Write every record out again exactly, and keep images out of it.

EXTRACTED RECORDS below:

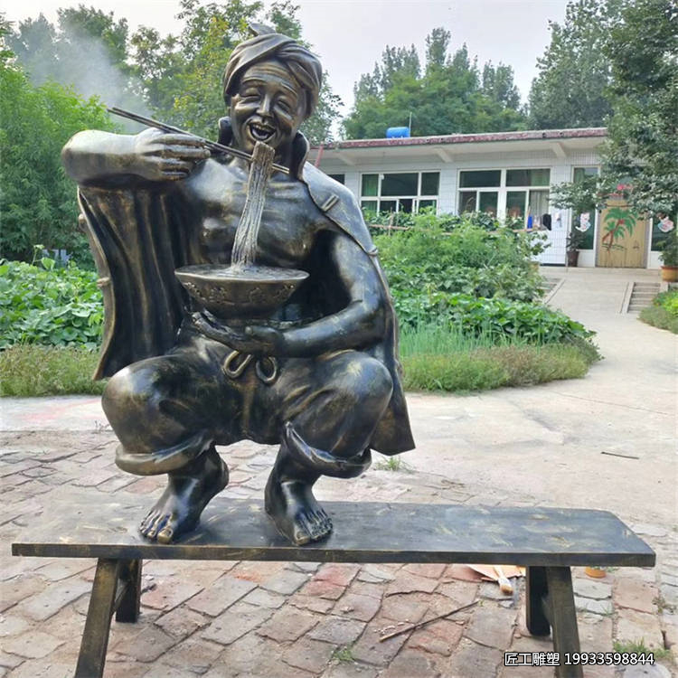 雕塑中的人物形象生动,面部表情细腻入微,仿佛能透过静止的姿态,传达出吃面时的满足与愉悦。那双筷子轻轻挑起面条的动作,既是对生活细节的捕捉,也是对“民以食为天”这一朴素真理的艺术诠释。
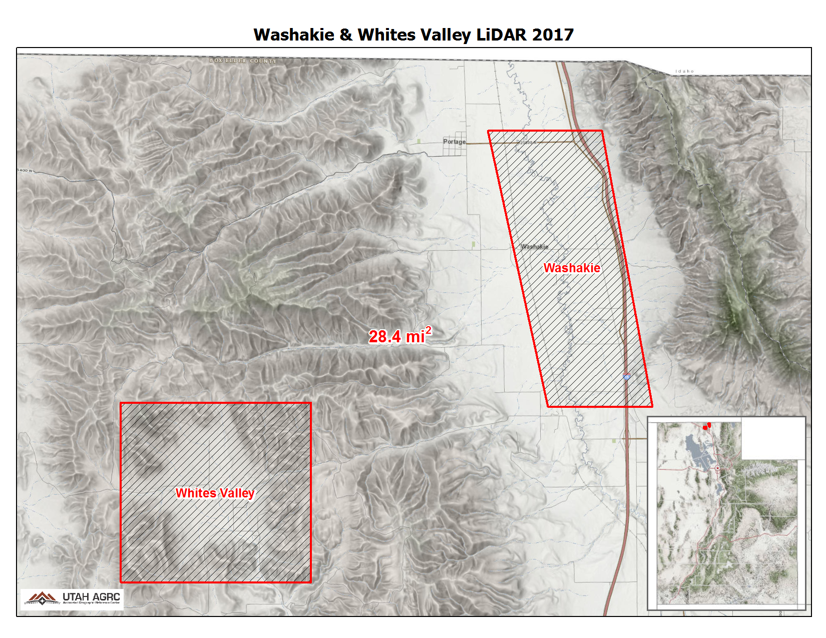 During the Spring of 2017 UGRC and the Utah Department of Natural Resources, Division of Water Resources acquired ~28 square miles of 8 points per meter Quality Level 1 Lidar of Washakie, Utah and Whites Valley in Northern Utah. The 0.5 meter resolution bare earth DEMs and first-return/highest-hit DSMs in .img format have a 10.0cm vertical RMSE accuracy and are available for download. The LAS point clouds are available from The National Map , opens in a new tab . This elevation data was collected April 15-16, 2017.
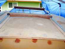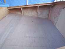 I removed the 10" high motor well and cockpit framing. The skegs were removed, too. Below is the framing wood showing some kind of glue drizzled onto the wood.
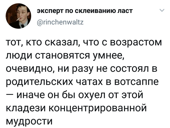 Я админю вайбер-чат нашего класса и сразу предупредил, что за всякую хуйню не по теме буду кикать. Года два было норм, а потом появился коронавирус и 5g, ну вы поняли, всякие ссылки с ютуба от первого попавшегося "проффесора" бомжеватого вида, который поведал правду, а потом срач около этой темы, пришлось ограничить доступ чтобы писал только я, глава род.комитета и учитель, а то пришлось бы выкинуть большую половину класса. Не думал что глупых людей настолько много, всем около 40+, а в голове хлебушек.
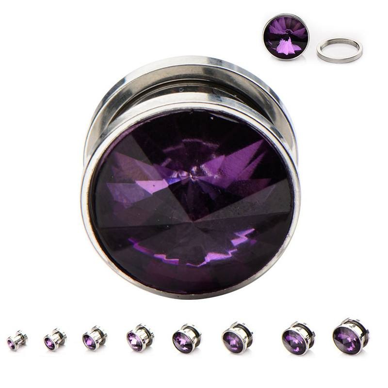 These screw-on purple cz plugs are made from 316L stainless steel with external threading. They have a wearable area of 1/4" between flares. Choose your size below.
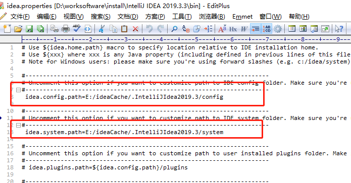 3、在IDEA安装目录的bin文件夹中找到idea.properties文件,修改以下配置,如果没有对应文件夹需创建
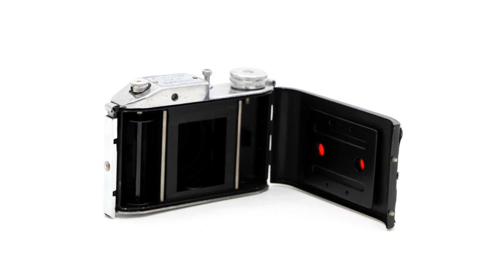 Корпус литой, из алюминиевого сплава. Его управление ограничено мгновенным (1/50 секунды) затвором или затвором «B». Делает 16 кадров, форматом 4x4 см. Пленка - типа 127. Интересный экземпляр для коллекции.
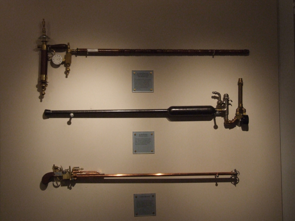 An exhibit of Steampunk and it's origins. The exhibit is created by Aeronaut Productions and is currently on display at the Muzeo in Anaheim. The Time Machine in the exhibit is my current replica of the George Pal design. We installed it into the exhibit on December 12th this year . The exhibit is very professionally designed and executed by the members of Aeronaut Productions and well worth the visit. Another exhibit att he Muzeo is a gallery of Victorian art including paintings, a wlking stick collection and various firearms of the period. Here's a few photos from some of the exhibits |
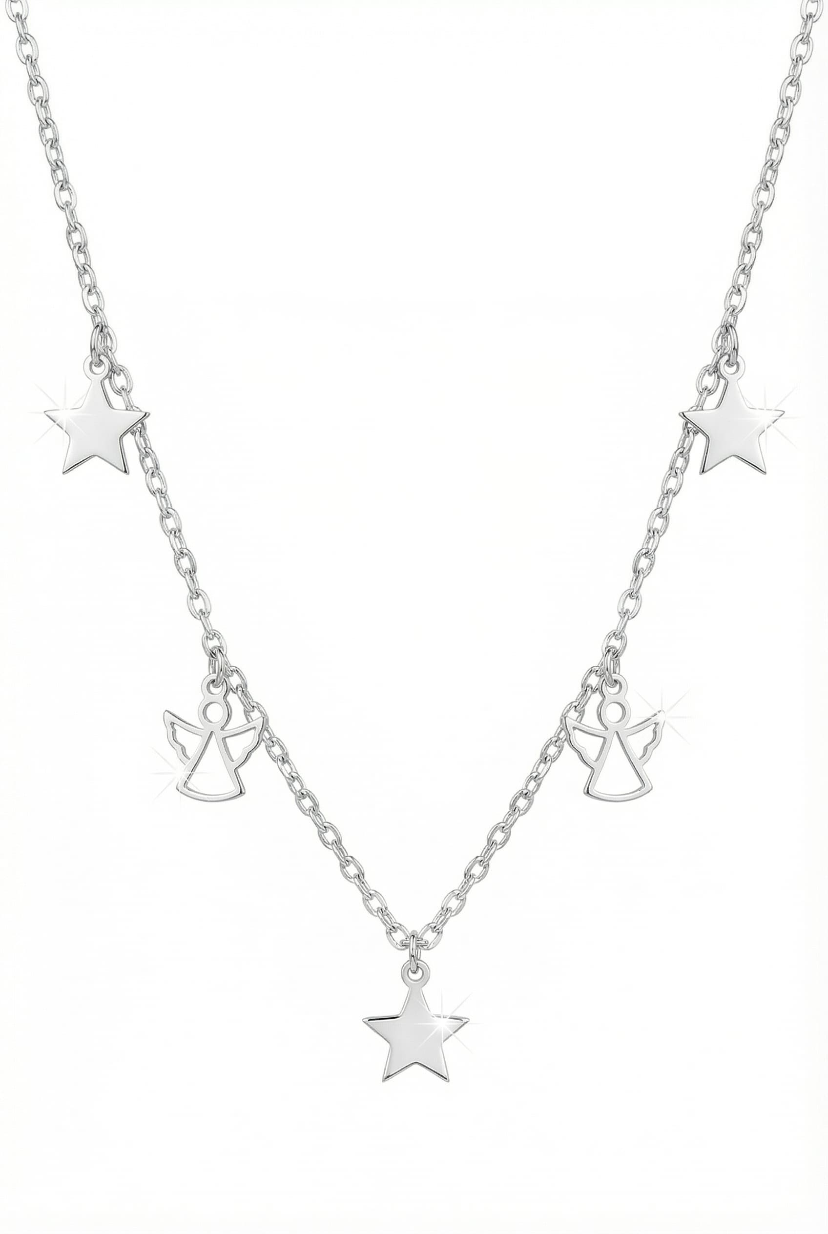 Silberne Halskette mit Engeln und Sternchen
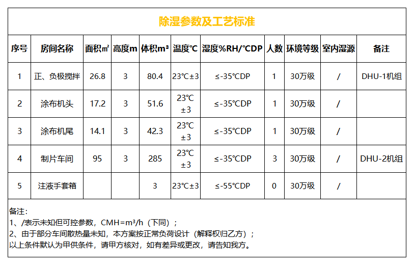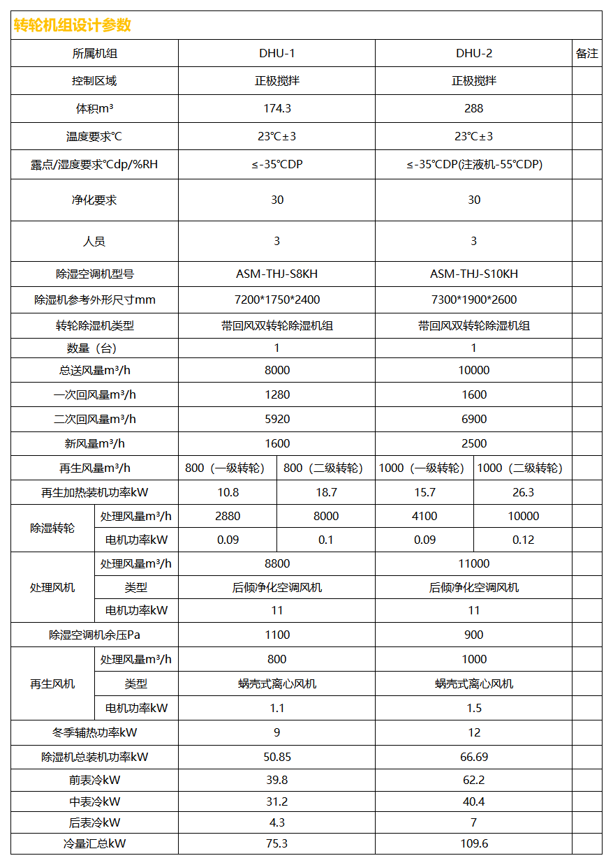 除濕DHU-1區域含:正極、負極攪拌、涂布機頭、涂布機尾、三個區域,基于1.1甲供參數表及1.2設計選型依據及甲供資料,此除濕區域采用一臺送風量8000CMH,回風量7200CMH,送風露點-65℃DP雙轉輪除濕機組控制;
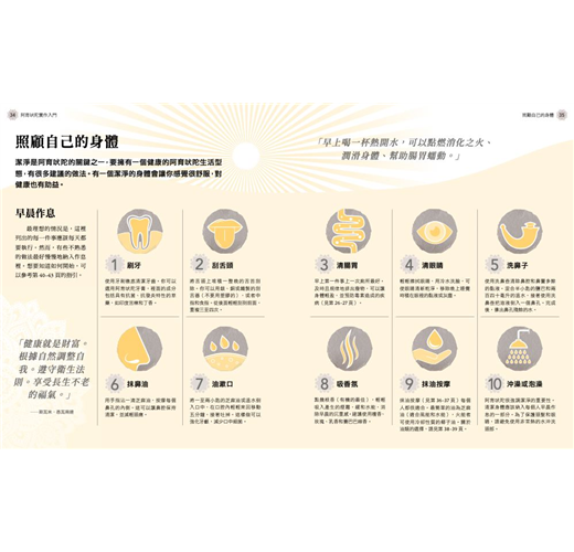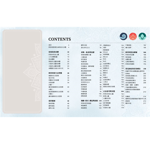 書中循序漸進,將阿育吠陀這門古老的藝術與科學分為幾大章節:

End of EXTRACTED RECORDS.

> [PROBLEM SOLUTION]
 雕塑中的人物形象生动,面部表情细腻入微,仿佛能透过静止的姿态,传达出吃面时的满足与愉悦。那双筷子轻轻挑起面条的动作,既是对生活细节的捕捉,也是对“民以食为天”这一朴素真理的艺术诠释。
 During the Spring of 2017 UGRC and the Utah Department of Natural Resources, Division of Water Resources acquired ~28 square miles of 8 points per meter Quality Level 1 Lidar of Washakie, Utah and Whites Valley in Northern Utah. The 0.5 meter resolution bare earth DEMs and first-return/highest-hit DSMs in .img format have a 10.0cm vertical RMSE accuracy and are available for download. The LAS point clouds are available from The National Map , opens in a new tab . This elevation data was collected April 15-16, 2017.
 I removed the 10" high motor well and cockpit framing. The skegs were removed, too. Below is the framing wood showing some kind of glue drizzled onto the wood.
 Я админю вайбер-чат нашего класса и сразу предупредил, что за всякую хуйню не по теме буду кикать. Года два было норм, а потом появился коронавирус и 5g, ну вы поняли, всякие ссылки с ютуба от первого попавшегося "проффесора" бомжеватого вида, который поведал правду, а потом срач около этой темы, пришлось ограничить доступ чтобы писал только я, глава род.комитета и учитель, а то пришлось бы выкинуть большую половину класса. Не думал что глупых людей настолько много, всем около 40+, а в голове хлебушек.
 These screw-on purple cz plugs are made from 316L stainless steel with external threading. They have a wearable area of 1/4" between flares. Choose your size below.
 3、在IDEA安装目录的bin文件夹中找到idea.properties文件,修改以下配置,如果没有对应文件夹需创建
 Корпус литой, из алюминиевого сплава. Его управление ограничено мгновенным (1/50 секунды) затвором или затвором «B». Делает 16 кадров, форматом 4x4 см. Пленка - типа 127. Интересный экземпляр для коллекции.
 An exhibit of Steampunk and it's origins. The exhibit is created by Aeronaut Productions and is currently on display at the Muzeo in Anaheim. The Time Machine in the exhibit is my current replica of the George Pal design. We installed it into the exhibit on December 12th this year . The exhibit is very professionally designed and executed by the members of Aeronaut Productions and well worth the visit. Another exhibit att he Muzeo is a gallery of Victorian art including paintings, a wlking stick collection and various firearms of the period. Here's a few photos from some of the exhibits |
 Silberne Halskette mit Engeln und Sternchen
 除濕DHU-1區域含:正極、負極攪拌、涂布機頭、涂布機尾、三個區域,基于1.1甲供參數表及1.2設計選型依據及甲供資料,此除濕區域采用一臺送風量8000CMH,回風量7200CMH,送風露點-65℃DP雙轉輪除濕機組控制;
 書中循序漸進,將阿育吠陀這門古老的藝術與科學分為幾大章節:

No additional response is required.